MLDataLoader支持可迭代类型的数据集,其会使用单进程批量加载样本,如果用户传入自定义的整合函数,则也会应用于每次迭代的小批量样本之上。
- 参数
dataset (SampleDataset) – 待构建的SampleDataset样本数据集。
batch_size (int) – 单次批量迭代的样本数。
collate_fn (Callable, optional) – 可选参数,用户自定义的应用于每个小批量样本的整合函数。
- class DataAdapter[源代码]
基类:
object深度/非深度时序模型的样本数据构建类,用于将TSDataset转换为SampleDataset样本数据集和DataLoader批量样本加载器。
- to_sample_dataset(rawdataset: TSDataset, in_chunk_len: int = 1, out_chunk_len: int = 0, skip_chunk_len: int = 0, sampling_stride: int = 1, fill_last_value: Optional[Union[floating, integer]] = None, time_window: Optional[Tuple[int, int]] = None) SampleDataset[源代码]
将 TSDataset 数据集转换为 SampleDataset 样本数据集。
- 参数
rawdataset (TSDataset) – 待转换的TSDataset数据集。
in_chunk_len (int) – 模型输入的时间序列长度。
out_chunk_len (int) – 模型输出的序列长度。
skip_chunk_len (int) – 可选变量, 输入序列与输出序列之间跳过的序列长度,既不作为特征也不作为预测目标使用,默认值为0。
sampling_stride (int) – 在第i条样本和第i+1条样本之间跨越的时间步数。 具体来说,令 t 为target时序数据的时间索引,t[i] 为第i条样本的起始时间,t[i+1]`为第i+1条样本的起始时间, 则`sampling_stride`代表 `t[i+1] - t[i] 的计算结果,即2条相邻的样本之间相差的时间点的数量。
fill_last_value (float, optional) – 用于填充最后一条样本的值。
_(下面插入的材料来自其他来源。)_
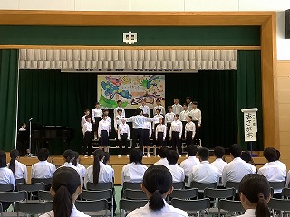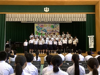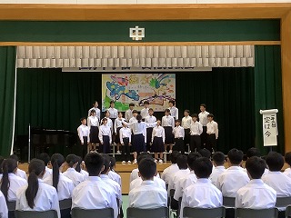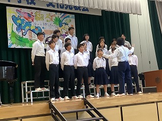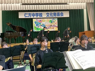 10月12日(土) ■令和6年度仁方中学校「仁音祭(におんまつり)」を開催しました。「天歌夢奏~魂で奏でる無限の世界へ~」をテーマに心をひとつに一致団結した合唱や演奏をしました。今年は、全校合唱で心をひとつに声を響かせました。 |
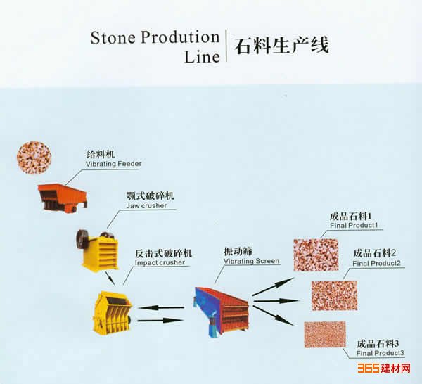 不满足粒度要求的石子返料进反击式破碎机再次破碎。大块石料经料仓由振动给料机均

如果无需填充最后一条样本,请将该值设置为None。
time_window (Tuple, optional) – 一个包含2个元素的元组类型的时间窗口,允许adapter模块在其范围内构建样本。 time_window[0] 值代表窗口范围的下界,time_window[1] 值代表窗口范围的上界。 对于每一个包含在该左闭右闭范围内的元素,都代表一条样本的尾部索引。
实际案例
samples = [ { "past_target": np.ndarray( shape=(in_chunk_len, target_col_num) ), "future_target": np.ndarray( shape=(out_chunk_len, target_col_num) ), "known_cov_numeric": np.ndarray( shape=(in_chunk_len + out_chunk_len, known_numeric_col_num) ), "known_cov_categorical": np.ndarray( shape=(in_chunk_len + out_chunk_len, known_categorical_col_num) ), "observed_cov_numeric": np.ndarray( shape=(in_chunk_len, observed_numeric_col_num) ), "observed_cov_categorical": np.ndarray( shape=(in_chunk_len + out_chunk_len, observed_categorical_col_num) ), "static_cov_numeric": np.ndarray( shape=(in_chunk_len + out_chunk_len, static_numeric_col_num) ), "static_cov_categorical": np.ndarray( shape=(in_chunk_len + out_chunk_len, static_categorical_col_num) ) }, # ... ]
- to_paddle_dataloader(sample_dataset: SampleDataset, batch_size: int, collate_fn: Optional[Callable] = None, shuffle: bool = True, drop_last: bool = False) DataLoader[源代码]
将 SampleDataset 样本数据集转换为 paddle DataLoader 批量样本加载器。
- 参数
sample_dataset (SampleDataset) – 等待被转换的SampleDataset样本数据集。
batch_size (int) – 单次批量迭代的样本数。
collate_fn (Callable, optional) – 用户自定义的批量样本整合函数,可选。
shuffle (bool, optional) – 是否在生成批量样本之前对数据进行洗牌。默认为True。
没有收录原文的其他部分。